A nurse from Atlanta, Georgia buys two new brooms from the market for us to hang in the new birth room. In Edwidge Danicott’s Claire book she describes a new broom at the birth of a baby for good luck and to sweep the mother’s belly to help the baby come out. I had not heard this before, but I love to know these traditions and am thankful for the gift. It is difficult to set up a room that reminds the mothers of home.
The volunteers walk around the market looking for pregnant women and watching the heart of the community’s economy. Someone buys cassava bread. I give the cook $10 to shop for fruits and vegetables. Another volunteer buys the two brooms. We pass out vitamins from Vitamin Angels and many blood pressures are taken. The women laugh, shove, shout and shake their heads. They listen for heartbeats and the results of their blood pressure. Life has been hard for the oldest amongst them. Their life expectancy is about 62. I want to say that good, education based prenatal care will prolong their lives and make them stronger. They can watch children so parents can work and their community can grow strong.
At noon, we pack up and make our way down the mountainside to the clinic, passing small houses, women cooking and children returning from school.
In the evening, after my English class, I rest on the roof with some children and watch night settles in. There is no electricity. Mother’s call and children try to play outdoors for as long as they can. The burro’s call and the night sky fill with stars. The children rest and nearly fall asleep on my lap. It has been a long, good day.
Later, I sit in the dark and make a list of why prenatal care is important. I tell myself, “start over, go back, review, don’t take things for granted, don’t assume, walk slowly, imagine you too never had the possibility of prenatal care, be creative, be patient.” I wonder at times if I made it all up.
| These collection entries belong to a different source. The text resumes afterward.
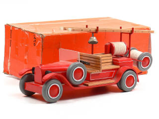 VILAC (FRANCE) Voiture échelle de pompiers en bois peint rouge & bois
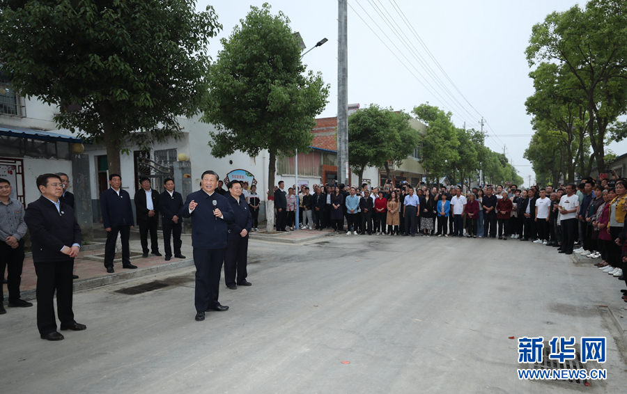 5月14日上午,中共中央总书记、国家主席、中央军委主席习近平在河南省南阳市主持召开推进南水北调后续工程高质量发展座谈会并发表重要讲话。这是座谈会前,习近平于13日在南阳市淅川县九重镇邹庄村考察时,同因工程建设搬迁到这里的村民们亲切交流。新华社记者 鞠鹏 摄
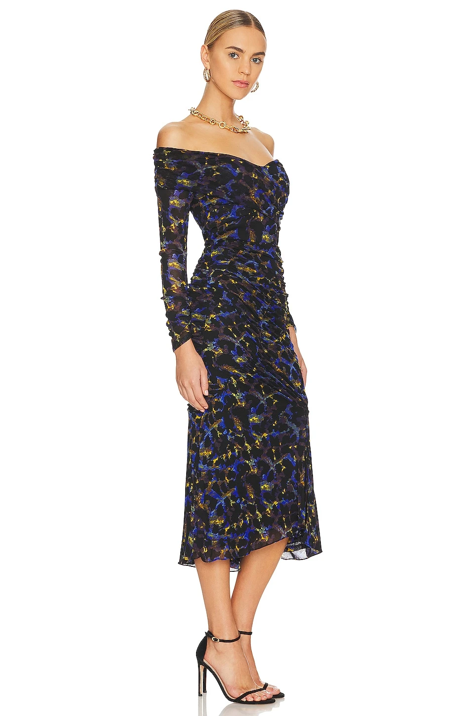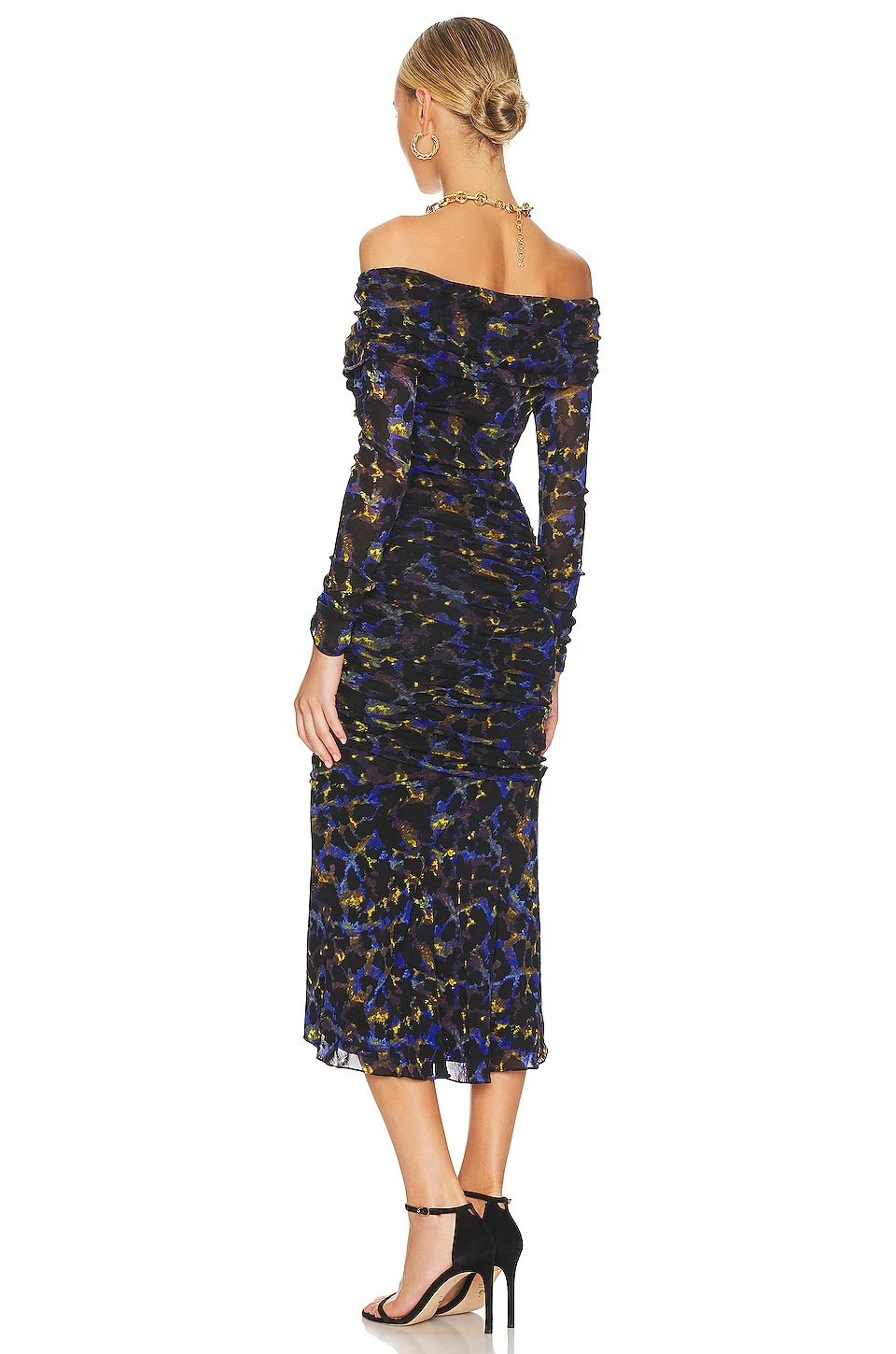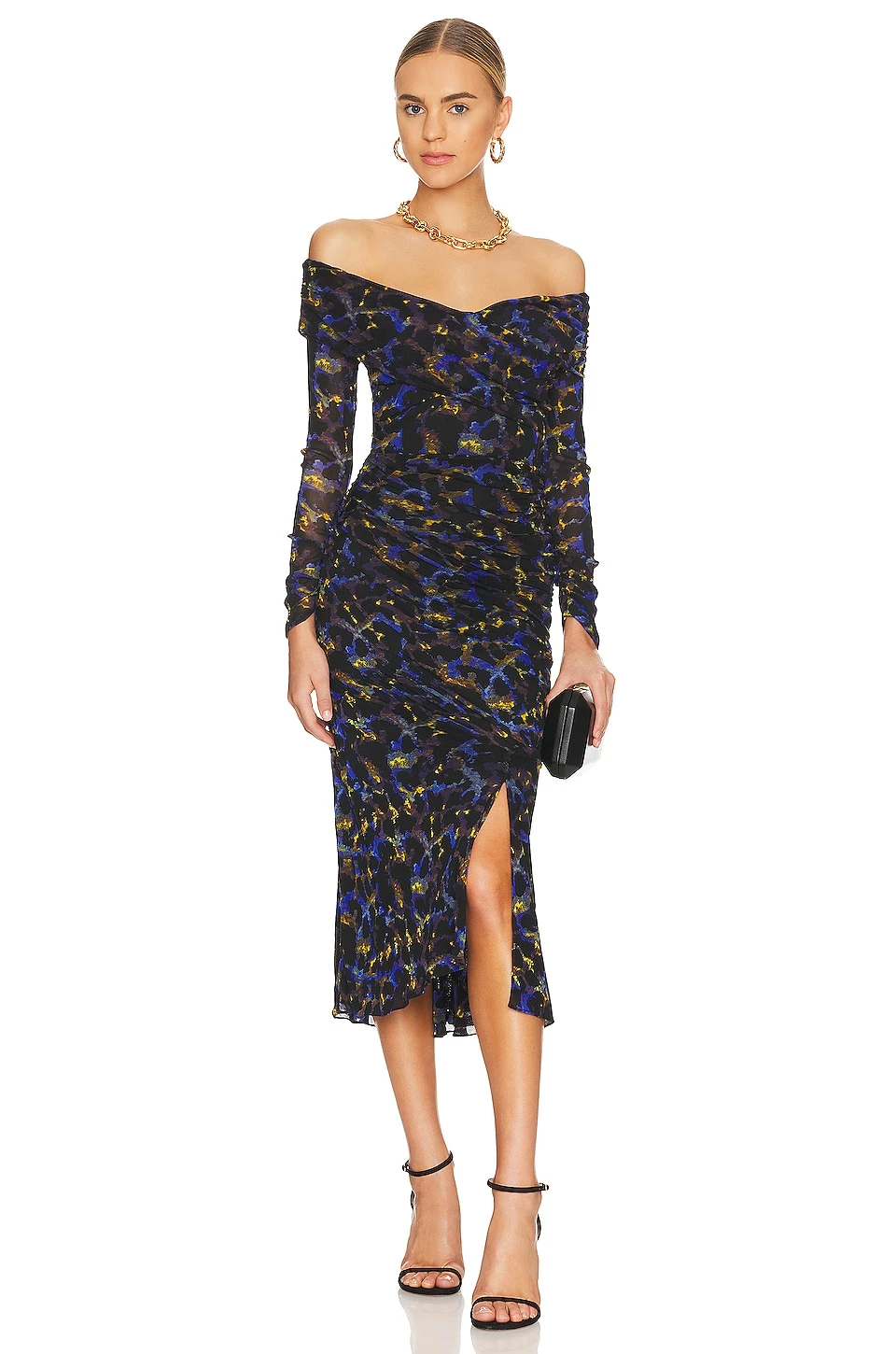 100% polyamide. Fabriqué en Chine. Lavage à sec uniquement. Entièrement doublé. À enfiler. Style épaules dénudées. Tissu mesh avec fronces et fente couture côté. Revolve Style N° DVF-WD465. Fournisseur Style N° DVFDL4Q037.
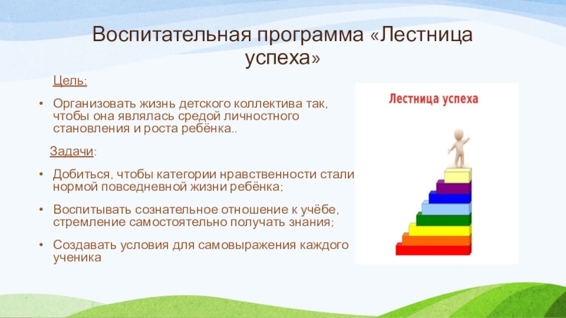Презентация, доклад на тему Моя воспитательная программа класса Лестница успеха

I am sure that it is a standard thing that is well accepted but here I am with a solar lamp writing my list, which is accompanied by thanks for the day and a prayer for the next one.
Why prenatal care
1. It is an important opportunity to introduce and teach positive health habits.
2. It is an opportunity to teach women about their bodies.
3. It allows women to benefit from essential health screenings that may impact their own health, their partners and their children including HIV, syphilis, honoree, chlamydia and many others as cost allows.
4. It may be their first complete physical exam.
5. It is a place to get prenatal vitamins which helps prevent anemia and birth defects.
6. It screens for anemia and helps prevent death or disability from hemorrhage.
7. It provides women with worm medicine to prevent anemia and malnutrition.
8. It screens for hypertension and pre-eclampsia, which may lead to death and orphaned children.
9. It screens for diabetes, which leads to life long health problems.
10. It prevents health problems in newborns.
11. It supports breastfeeding.
12. It helps women create safe birth plans including an emergency plan.
13. It provides malaria screening; a leading cause of maternal death and disability.
14. It screens for possible high-risk birth situations that require a mother to stay with relatives in town such as twins, breech or high blood pressure.
15. It screens for physical abuse of women.
16. It helps parent’s transition into parenthood.